Keto Vanilla Wafers are crispy, lightly sweet, and utterly delicious! With only 6 basic ingredients, these low carb, gluten-free cookies are perfect for snacking or adding to other desserts.
Preheat the oven to 325ºF and line two baking sheets with silicone mats. You can use parchment instead but keep a close eye on your cookies as the bottoms may brown quickly.
In a large bowl, beat the butter with the sweetener until light and fluffy, 1 to 2 minutes. Beat in the egg and vanilla until well combined.
Add the almond flour, baking powder, and salt and beat until the mixture is uniform, scraping down the sides of the bowl and the beaters as necessary.

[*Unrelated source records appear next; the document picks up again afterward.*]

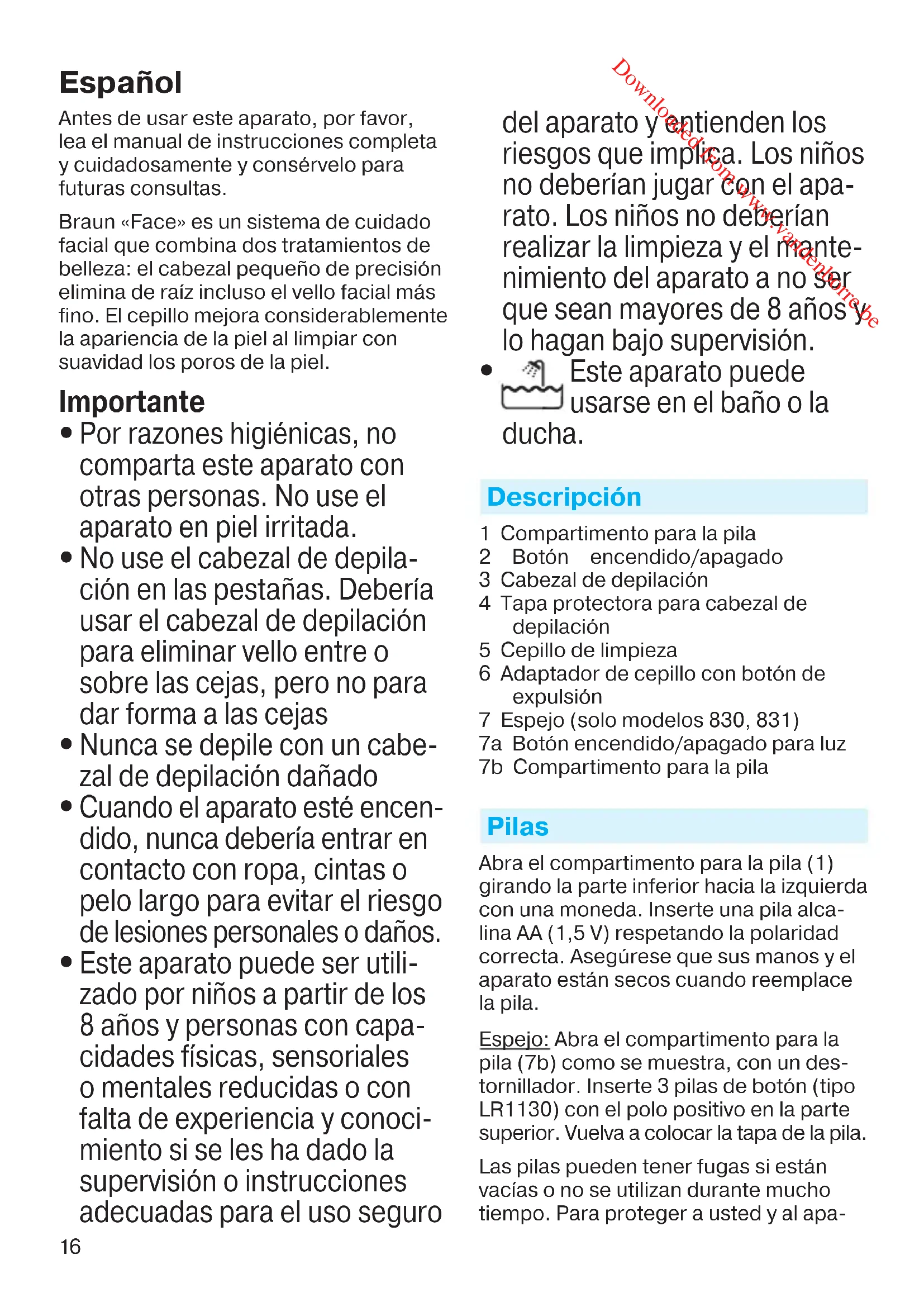- Para obtener un resultado óptimo, cambie el cepillo (5) cada 3 meses o antes si los filamentos se deforman debido al uso frecuente. Los recam- bios de Cepillo (ref. no. 89 facial Spa) están disponibles en su tienda, los Centros de Servicio Braun o vía www. braun.com. Información medioambiental El producto contiene baterías y/o residuos eléctricos reciclables. Para proteger del medio ambiente no tire el aparato en la basura doméstica, llévelo, para su reciclaje, a los puntos de recogida de residuos eléctricos previstos en su país. Sujeto a modificaciones sin previo aviso. Garantía Braun concede a este producto 2 años de garantía a partir de la fecha de compra. Dentro del periodo de garantía, subsana- remos, sin cargo alguno, cualquier defecto del aparato imputable tanto a los materiales como a la fabricación, ya sea reparando, sustituyendo piezas, o facili- tando un aparato nuevo según nuestro criterio. La garantía no ampara averías por uso indebido, funcionamiento a distinto vol- taje del indicado, conexión a un enchufe inadecuado, rotura, desgaste normal por el uso que causen defectos o una dismi- nución en el valor o funcionamiento del producto. La garantía perderá su efecto en caso de ser efectuadas reparaciones por per- sonas no autorizadas, o si no son utiliza- dos recambios originales de Braun. La garantía solamente tendrá validez si la fecha de compra es confirmada mediante la factura o el albarán de compra corres- pondiente. Esta garantía tiene validez en todos los países donde este producto sea dis- tribuido por Braun o por un distribuidor asignado por Braun. En caso de reclamación bajo esta garan- tía, diríjase al Servicio de Asistencia Técnica de Braun más cercano: www. service.braun.com. Solo para España Servicio al consumidor: Para localizar a su Servicio Braun más cercano o en el caso de que tenga Vd. alguna duda referente al funcionamiento de este producto, le rogamos contacte con el teléfono de este servicio 901 11 61 84. 96892473_SE810_S4-110.indd 1896892473_SE810_S4-110.indd 18 27.02.14 15:3327.02.14 15:33 CSS APPROVED Effective Date 5Mar2014 GMT - Printed 02Oct2014 Page 18 of 110 Downloaded from www.vandenborre.be19 Português Antes de utilizar este aparelho pela pri- meira vez, leia atenta e cuidadosamente as instruções de utilização e guarde-as para consulta futura. Braun «Face» é um sistema de cuidados faciais que combina dois tratamentos de beleza: A pequena e precisa cabeça de depilação remove mesmo os mais finos pêlos faciais a partir da raíz. A escova de limpeza facial melhora a aparência da sua pele através de uma limpeza suave e profunda dos poros. Importante
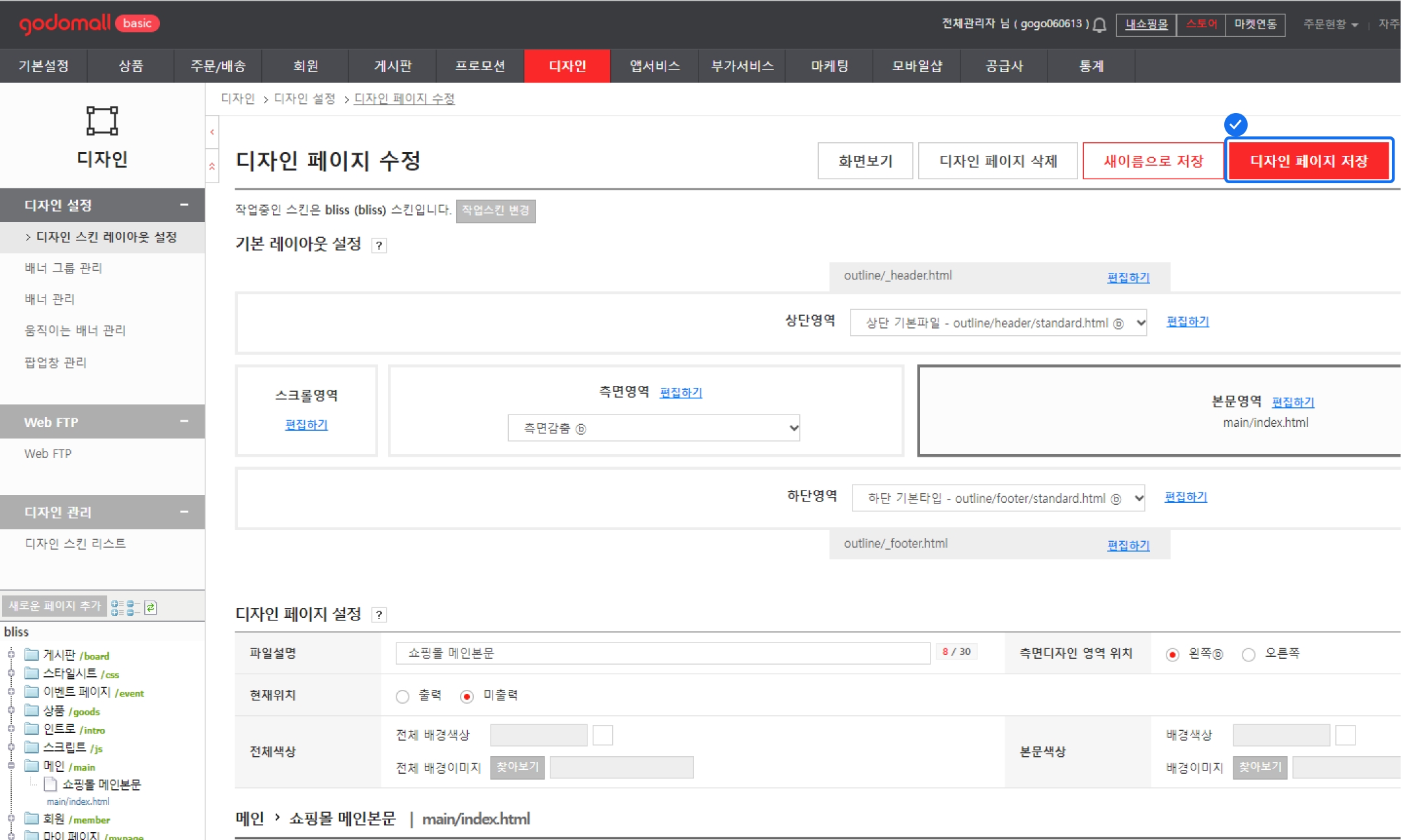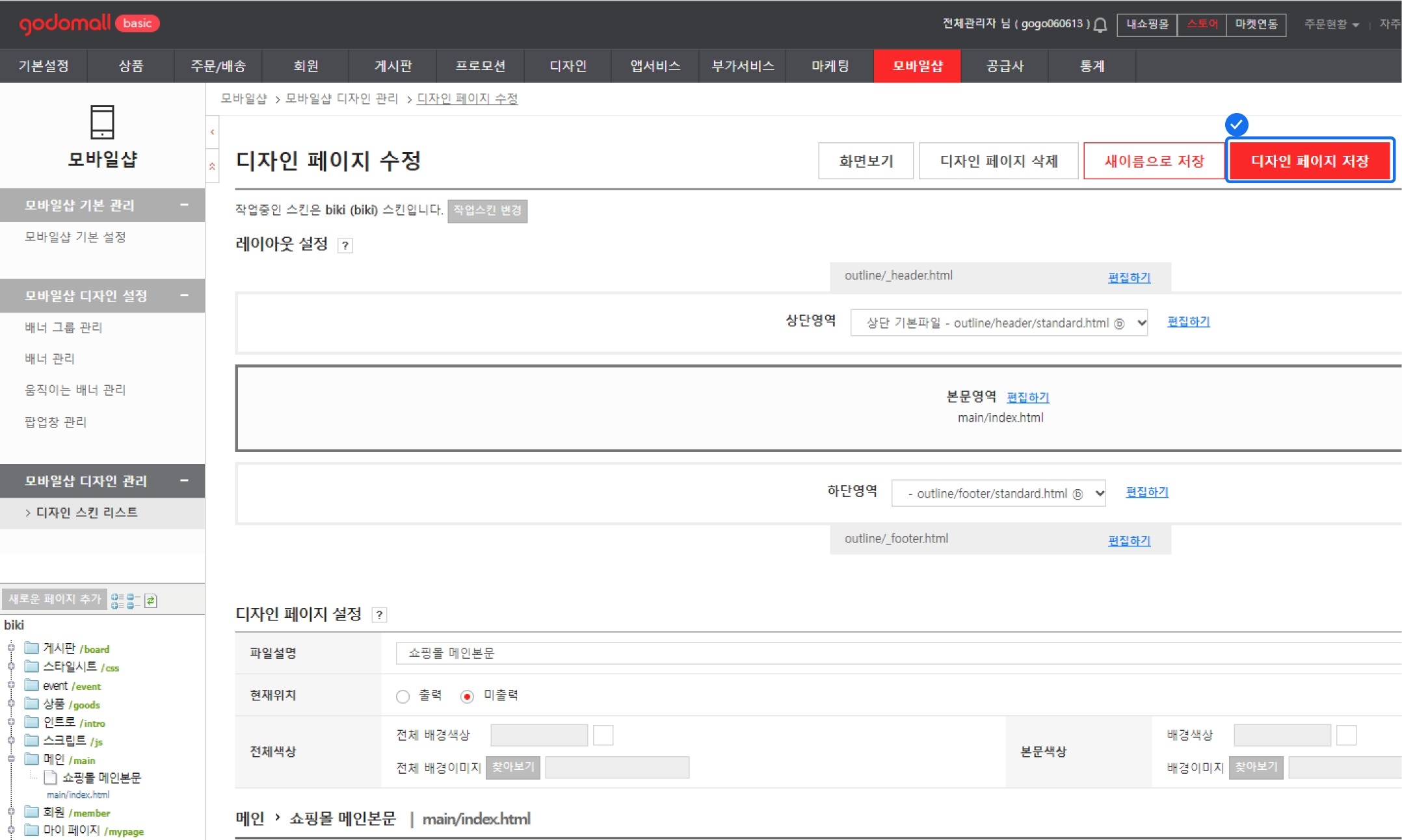 코드 수정 후 [디자인 페이지 저장] 버튼을 클릭해요.
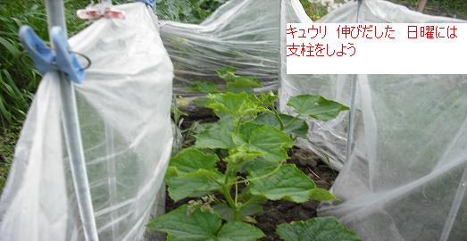 4月18日 畑のm-22にキュウリの苗 6本の植え付けをした  風除けをつけておいた
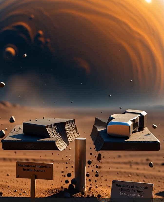 The stunning visual below shows a BRITTLE fracture of cast iron. The plate has simple sheared off, like butter cut by a knife.
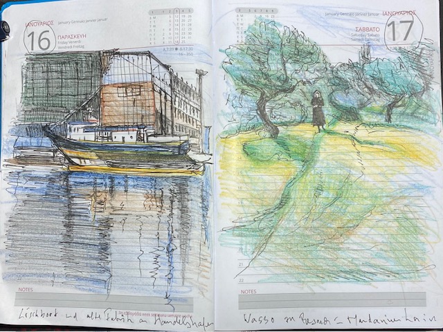 Am 18.1. war Sonntag und wir aßen in „unserer“ Taverne. Eine Vase mit ein paar Blumen stand auf einem der noch leeren Tische. Mit gefiel die Schwarz-Weiß-Zeichnung auch, doch kolorierte ich sie, damit alle Januar-Zeichnungen den gleichen Stil haben.
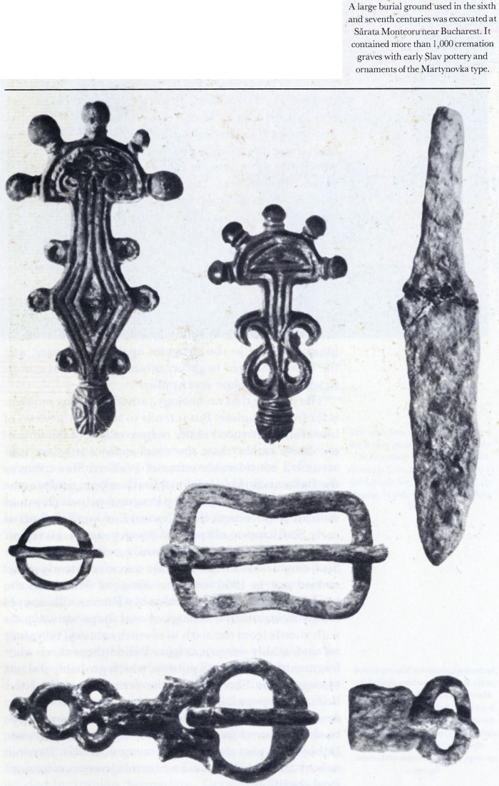 A large burial ground used in the sixth and seventh centuries was excavated at Sǎrata Monteoru near Bucharest. It contained more than 1,000 cremation graves with early Slav pottery and ornaments of the Martynovka type.
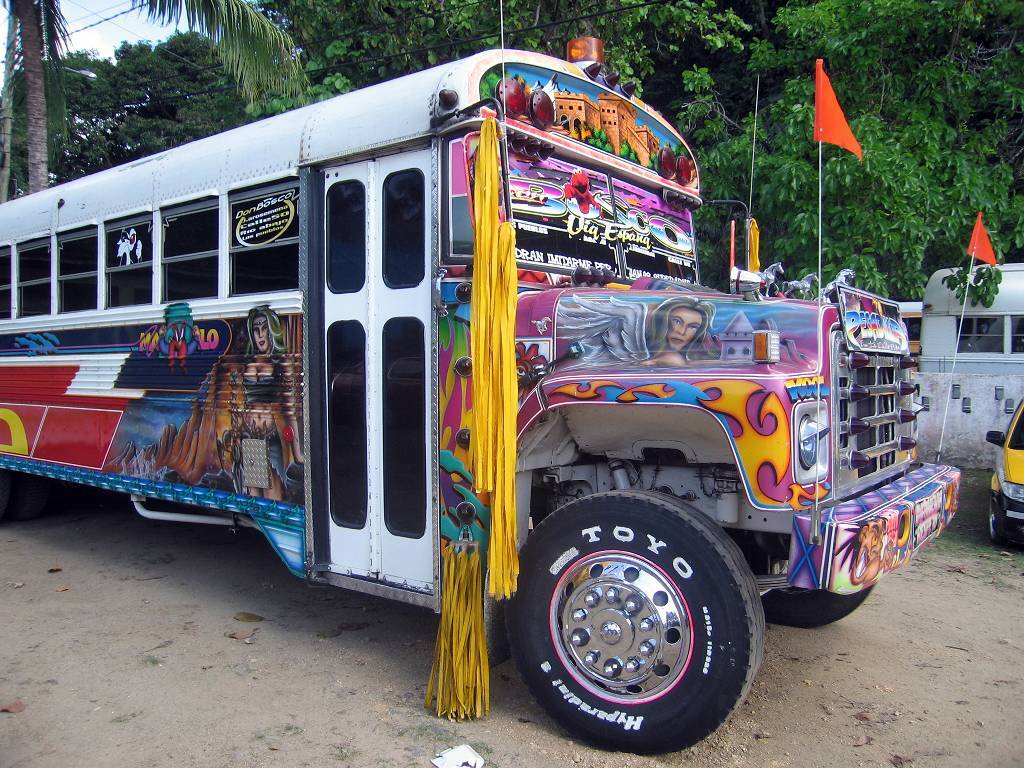 Nach einem kurzen Einkauf bei „REY“, nehmen wir den Bus zurück nach Portobelo. Jetzt stehen wir wie die Sardinen im Bus. Einige Leute hängen während der Fahrt noch draussen am Trittbrett. Eine junge Frau nimmt meinen Rucksack und Paul's Tasche auf den Schoss. Irgendwann kann ich einen ¼ Sitzplatz ergattern. Nun sitze ich neben einem XXXXL-Mann und einem kleinen Mädchen, das schlafen möchte. Mit einer ½ Hinterbacke klebe ich auf dem Plastiksitz. Es ist sehr mühsam und ich bin sehr froh, als wir nach ca. 1½ Stunden in Portobelo aussteigen können. Jetzt kaufen wir beim Chinesen noch eine 25-kg-Gasflasche (Tropi-Gas), die Paul auf dem Buckel zum Dinghy schleppt und auf der MABUHAY sofort anschliesst.
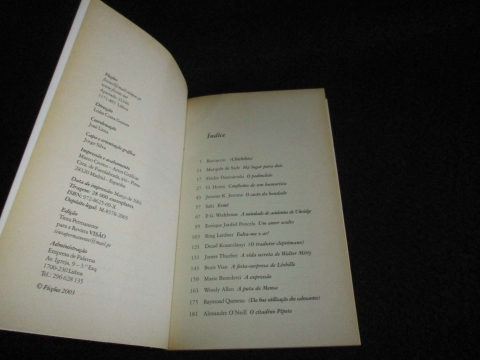 Capa de brochura. Boccaccio / Marquês de Sade / Fiódor Dostoievski / O. Henry / Jerome / K. Jerome / Saki / P. G. Wodehouse / Enrique Jardiel Poncela / Ring Lardner / Dezsö Kosztolányi / James Thuber / Boris Vian / Mario Benedetti / Woody Allen / Raymond Queneau / Alexandre O’Neill.
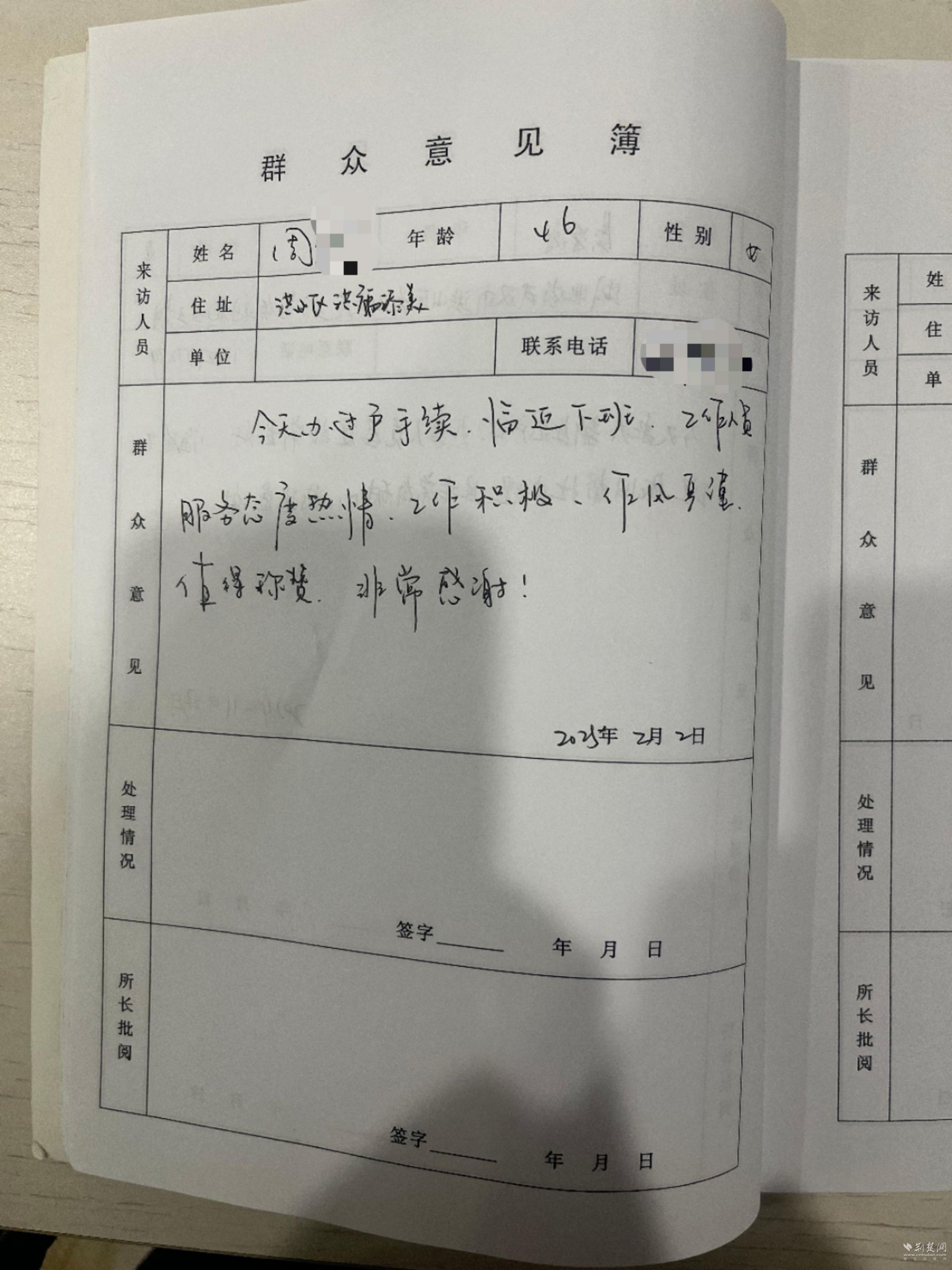 “我們想辦理戶口遷移,可沒注意時間,來晚了,還能辦嗎?”2月2日下午,洪山區分局關山派出所戶籍窗口剛剛結束當天的延時服務,一對夫妻帶著女兒來到窗口略帶歉意地問道。戶籍民警朱榮立即返回工作崗位重啟電腦,微笑著接過申請資料,有條不紊地為一家三口辦理戶口遷移手續。業務辦理完成后,夫妻二人感激不盡,在留言簿上寫下"工作人員態度熱情、工作積極、作風嚴謹,非常感謝!"

Using about 2 teaspoons of dough at a time, roll into small balls and place an inch apart on the prepared baking sheets. Press down to flatten slightly.
Bake 15 to 20 minutes, switching the position of the pans halfway through baking, until the edges are golden brown. They will still be a little soft on top.
Remove the cookies from the oven and let the oven cool for 5 to 10 minutes. Then return the pans to the oven and let sit inside until cool (keep a close eye on them to make sure they don't become overly brown).
Notes
Storage Information: Store the cookies in a covered container on the counter for up to a week. They can also be frozen for several months.